Like many newly established territories and states in the early nineteenth century, the Mississippi Territory—encompassing most of present-day Mississippi and Alabama—was a product of a surging spirit of national expansion, white settlement, and Native American removal. After the Revolutionary War, the new nation had been granted territorial rights to the land from the Atlantic Ocean to the Mississippi River. British authorities had made provisions for their independent Indian allies living west of the Appalachian Mountains before acknowledging American independence.
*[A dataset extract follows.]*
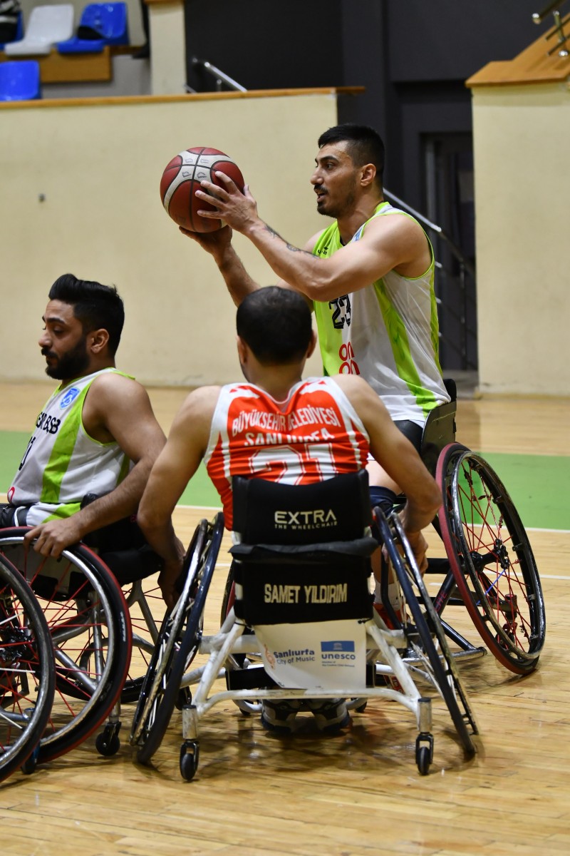 Tekerlekli Sandalye Basketbol Süper Ligi’nin 3. haftasında Balıkesir Büyükşehir Belediyespor, Alparslan Türkeş Spor Salonu’nda Şanlıurfa Büyükşehir Belediyespor’u ağırladı. Mavi-yeşilliler, Mohammed Hassan Sayari’nin sayılarıyla ilk çeyreği 18-16 önde tamamladı. Mohammed Hassan Sayari ve Mehdi Ghorbani’nin sayılarıyla ikinci çeyreğe hızlı giriş yapan Balıkesir temsilcisi, farkı giderek açtı. Müsabakanın ilk yarısı 43-28 sonuçlandı. Dengeli geçen üçüncü çeyrekte iki takımda eşit sayı attı. Periyot sonucu 23-23 sonuçlanan müsabakanın karar çeyreğine 66-51’le geçildi. Son çeyrekte üstünlüğünü koruyan Balıkesir Büyükşehir Belediyespor, 88-67’lık skorla galibiyete uzandı. Mavi-yeşillilerde Mohammed Hassan Sayari 45 sayıyla takımının ve müsabakanın en skorer ismi olurken, Mehdi Ghorbani 28, Muhterem Aktaş 6 sayıyla mücadeleyi noktaladı.

After the British departed, however, those claims began to fuel racial tensions as whites ignored the treaties signed by their government and settled anyway.
Restless Americans were pulled westward by dreams of economic profit and greater autonomy on the frontier or pushed by shrinking opportunities in the coastal regions. After hard-won negotiations with the Creeks, Thomas Jefferson had authorized a federal road from Athens, Georgia, to Mobile, Alabama, in 1805, and though it was little more than a horse path by 1810, American settlers were pouring into the burgeoning territory. A hard life of clearing trees, cultivating crops, and surviving perpetual border conflicts awaited those brave or foolish enough to attempt the journey.
But come, they did, in swelling numbers—and most without legal title to Alabama lands. On February 7, 1810, David Holmes, governor of the Mississippi Territory, sent a frantic letter to U.S. Secretary of War, William Eustis, saying, “From good information I learn that from four to five thousand white persons are settled within the Indian Boundary and that they are determined to remain there in opposition to the law of the United States until removed by force.” Governor Holmes spent the early months of 1810 buying time with the few troops he had and assuring the Indian tribes that the settlers would be removed from Indian lands in the spring or early summer. But along the road from Georgia, the wagons kept coming.